### abstract ###
The AraC family transcription factor MarA activates 40 genes of the Escherichia coli chromosome resulting in different levels of resistance to a wide array of antibiotics and to superoxides.
Activation of marA/soxS/rob regulon promoters occurs in a well-defined order with respect to the level of MarA; however, the order of activation does not parallel the strength of MarA binding to promoter sequences.
To understand this lack of correspondence, we developed a computational model of transcriptional activation in which a transcription factor either increases or decreases RNA polymerase binding, and either accelerates or retards post-binding events associated with transcription initiation.
We used the model to analyze data characterizing MarA regulation of promoter activity.
The model clearly explains the lack of correspondence between the order of activation and the MarA-DNA affinity and indicates that the order of activation can only be predicted using information about the strength of the full MarA-polymerase-DNA interaction.
The analysis further suggests that MarA can activate without increasing polymerase binding and that activation can even involve a decrease in polymerase binding, which is opposite to the textbook model of activation by recruitment.
These findings are consistent with published chromatin immunoprecipitation assays of interactions between polymerase and the E. coli chromosome.
We find that activation involving decreased polymerase binding yields lower latency in gene regulation and therefore might confer a competitive advantage to cells.
Our model yields insights into requirements for predicting the order of activation of a regulon and enables us to suggest that activation might involve a decrease in polymerase binding which we expect to be an important theme of gene regulation in E. coli and beyond.
### introduction ###
Transcription factors control cellular protein production by binding to DNA and changing the frequency with which mRNA transcripts are produced.
There are hundreds of transcription factors in Escherichia coli and while most of these target only a small number of genes, there are several that regulate expression of ten or more genes.
Taken together, such global transcription factors directly regulate more-than half of the 4,300 genes in E. coli and their regulatory interactions yield important insights into the organization of the genetic regulatory network CITATION, CITATION, CITATION.
Because they regulate so many genes, global transcription factors also play a large role in controlling cellular behavior; however, insights into behavior are currently limited by a lack of quantitative information about how transcription factors differentially regulate target genes.
One important global transcription factor is MarA, an AraC family protein that activates 40 genes of the Escherichia coli chromosome resulting in different levels of resistance to a wide array of antibiotics and superoxides.
The effect of MarA at different promoters can vary due to changes in the detailed sequence of the DNA-binding site and its distance from and orientation with respect to the promoter CITATION, CITATION.
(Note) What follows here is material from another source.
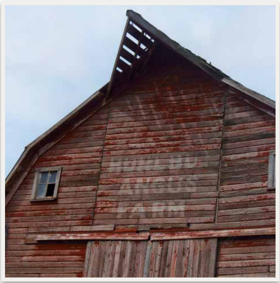
▶ Wyat James won the overall contest and junior division with 197 votes for "Generations of Angus Heritage."

Winners had their photos displayed as the Angus Journal Facebook page cover photo with recognition of the

These variations can influence the order in which the promoters respond to increasing concentrations of MarA and presumably have important functional consequences for E. coli.
To characterize quantitative variations in MarA regulation at different promoters, we recently placed the expression of MarA under the control of the LacI repressor, determined the relationship between isopropyl -D-1-thiogalactopyranoside concentration and the intracellular concentration of MarA, and examined the expression of 10 promoters of the regulon as a function of activator concentration CITATION.
We found that activation of marA/soxS/rob regulon promoters occurs in a well-defined order with respect to the level of MarA, enabling cells to mount a response that is commensurate to the level of threat detected in the environment.
We also found that only the marRAB, sodA, and micF promoters were saturated at the highest level of MarA.
In contrast with a commonly held assumption, we found that the order of activation does not parallel the strength of MarA binding to promoter sequences.
This finding suggested that interactions between MarA and the RNA polymerase transcriptional machinery play an important role in determining the order of activation, but the data did not immediately reveal what the nature of these interactions might be at the various promoters.
Here, we have developed a computational model of promoter activity to understand how interactions between MarA and polymerase activate transcription at the marRAB, sodA, and micF promoters of the 10 we examined previously, these three promoters are the only ones that exhibited saturation, which provides an important constraint for the modeling.
The model was specifically designed to compare a strict recruitment model in which MarA increases polymerase binding but does not increase the rate of post-binding events CITATION, CITATION, with a more general model in which activator can either increase or decrease polymerase binding, and can either increase or decrease the rate of post-binding events.
For each promoter, we evaluated the agreement of both the strict recruitment model and the general model with the data at many points within a physically reasonable region of parameter space.
The model successfully explains why the order of promoter activation does not parallel the strength of MarA-DNA binding.
For all promoters, the best fit of the general model was better than that of the strict recruitment model.
Comparison to the strict recruitment model and full analysis of the goodness-of-fit landscape suggest that MarA does not increase polymerase binding but does increase the rate of post-binding events at these promoters.
Moreover, the analysis for the micF promoter suggests that MarA activation can involve a decrease in polymerase binding that is associated with low latency in gene regulation.
We discuss the broader significance of these findings.